Lori was a good resource for me when I had my craniotomy on my 2nd brain aneurysm in 2014. She called to check on me and gave me the best advice about ice being your friend! SO true! Even today, when I’m overtired and feel my face swelling where I had my surgery, I place ice there and always think of Lori. She certainly has had her share of ice.

That same year, Julie and Lori made the journey to Maine for our 6th annual KAT-Walk & Karo-5k for brain aneurysm awareness. I was thrilled they were both coming. Julie helped in the brain aneurysm awareness tent and Lori did the run with her new service dog Tober! It was great to meet her husband Ralph. What a fun couple.

It was a cool day on the Maine coast and sun-lover Lori was very cold! They were all so nice to stay afterwards to help tear down the circus, but since we’re all brain aneurysm survivors….we tire quite easily and silliness ensued! Having a seat on one of the benches along the Back Cove was a nice respite where we could rest, chat, and cuddle to get warm. I don’t know what precipitated the see no evil, hear no evil, speak no evil photo, but it worked at the moment.

Julie, Lori, Ralph, and Tober joined us for our after-party and the silliness and good times continued. When you meet people you just click with, even if you don’t see them or speak to them that often, it just works. Good, good people.

The after party – 2014

Since 2014, our lives have changed a lot. Some worse, some better, but we’re still thriving and surviving. Julie has come to the walk several more times to support us, even when her husband was struggling with a serious health issue. Lori had plans to join us one year, but a pesky hurricane kept her close to home in Florida. We are no longer members of the online support group, but keep in touch via Facebook.

Thankfully we were all able to get together again this year for the 11th annual KAT-Walk & Karo-5k. As it was five years ago, the weather was chilly and a few showers moved through. Lori dressed appropriately, Ralph wore shorts, silly man! Tober is his usual amazing doggy self. What a good, good service dog.

Ralph did the walk with Tober, Julie helped me out in the brain aneurysm tent and Lori ran/walked the 5-k. She’s amazing.

We decided to recreate our “bench photo” from five years ago to mark the occasion. I’m five years older and about 10 pounds heavier, but we still had a lot of fun.

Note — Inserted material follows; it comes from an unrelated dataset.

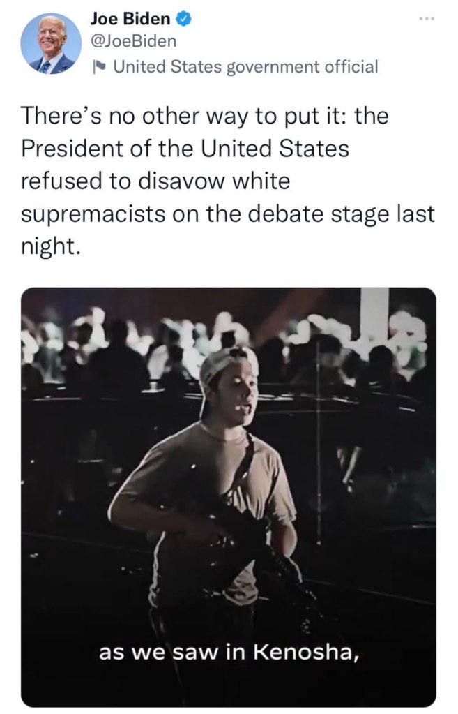 This tweet not only defames Rittenhouse, but mislead the public about President Donald Trump’s explicit and repeated disavowals of white supremacy.

Then they joined us for the after-party which was filled with laughter and medical stories. Survivors LOVE to share & compare their stories and to give great details – myself included. The great thing about these ladies though, is that there is great empathy for one another. Yes, brain aneurysms brought us together, but we’re now connected in other ways and we respect and care about each other’s families. Now THAT is a support group.

So, as I “celebrate” surviving my ruptured brain aneurysm 13 years ago, I also celebrate finding these two terrific ladies and THANK them for helping me get through my recovery, healing, and living.